As climate change increases the frequency and severity of droughts in many regions, conservation during drought is becoming a major challenge for ecologists. Droughts are multidimensional climate events whose impacts may be moderated by changes in temperature, water availability or food availability, or some combination of these. Simultaneously, other stressors such as extensive anthropogenic landscape modification may synergize with drought. Useful observational models for guiding conservation decision-making during drought require multidimensional, dynamic representations to disentangle possible drought impacts, and consequently, they will require large, highly resolved data sets. In this paper, we develop a two-stage predictive framework for assessing how drought impacts vary with species, habitats and climate pathways.

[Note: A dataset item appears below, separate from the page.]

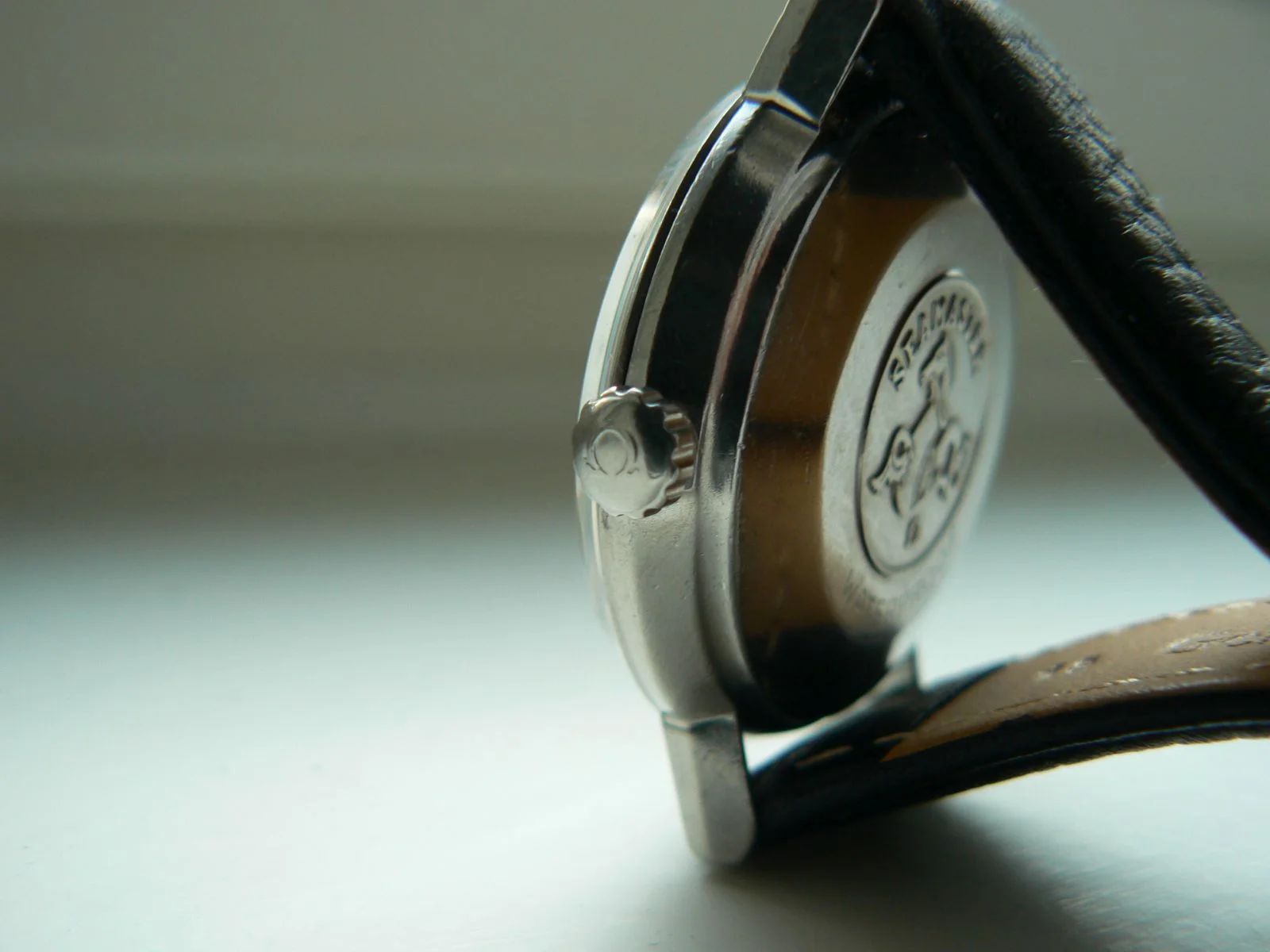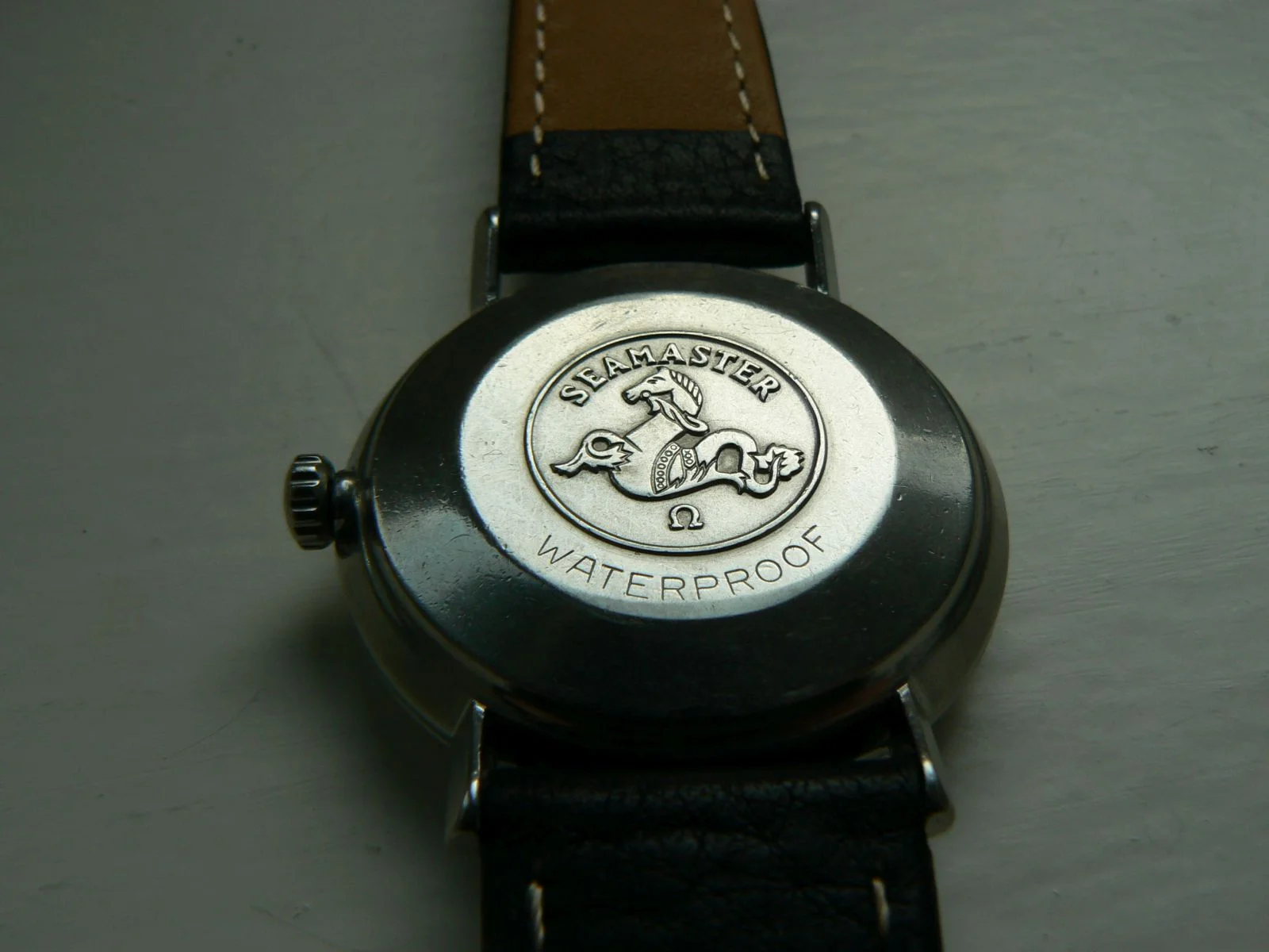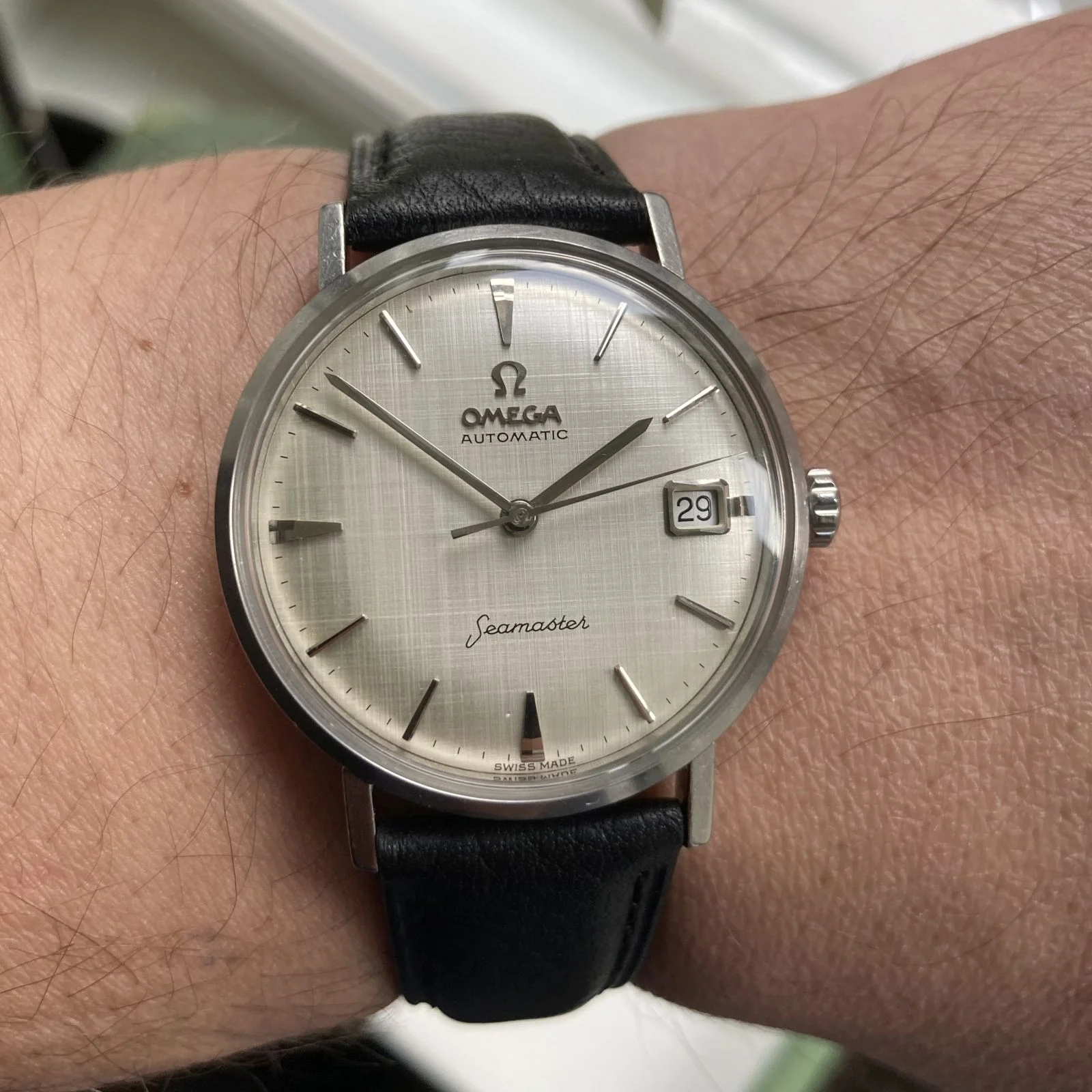 The dial is white colored in good condition with rare texture effect, so-called "linen dial", silver colored raised indices, and hands. Original Omega crown and new original Omega glass are fitted.

Central Valley, California, USA.
We used a two-stage counterfactual analysis combining predictive linear mixed models and N-mixture models to characterize the multidimensional impacts of drought on 66 bird species. We analysed counts from the eBird participatory science data set between 2010 and 2019 and produced species- and habitat-specific estimates of the impact of drought on relative abundance.
We found that while fewer than a quarter (16/66) of species experienced abundance declines during drought, nearly half of all species (27/66) changed their habitat associations during drought. Among species that shifted their habitat associations, the use of natural habitats declined during drought while use of developed habitat and perennial agricultural habitat increased.
Our findings suggest that birds take advantage of agricultural and developed land with artificial irrigation and heat-buffering microhabitat structure, such as in orchards or parks, to buffer drought impacts. A working lands approach that promotes biodiversity and mitigates stressors across a human-induced water gradient will be critical for conserving birds during drought.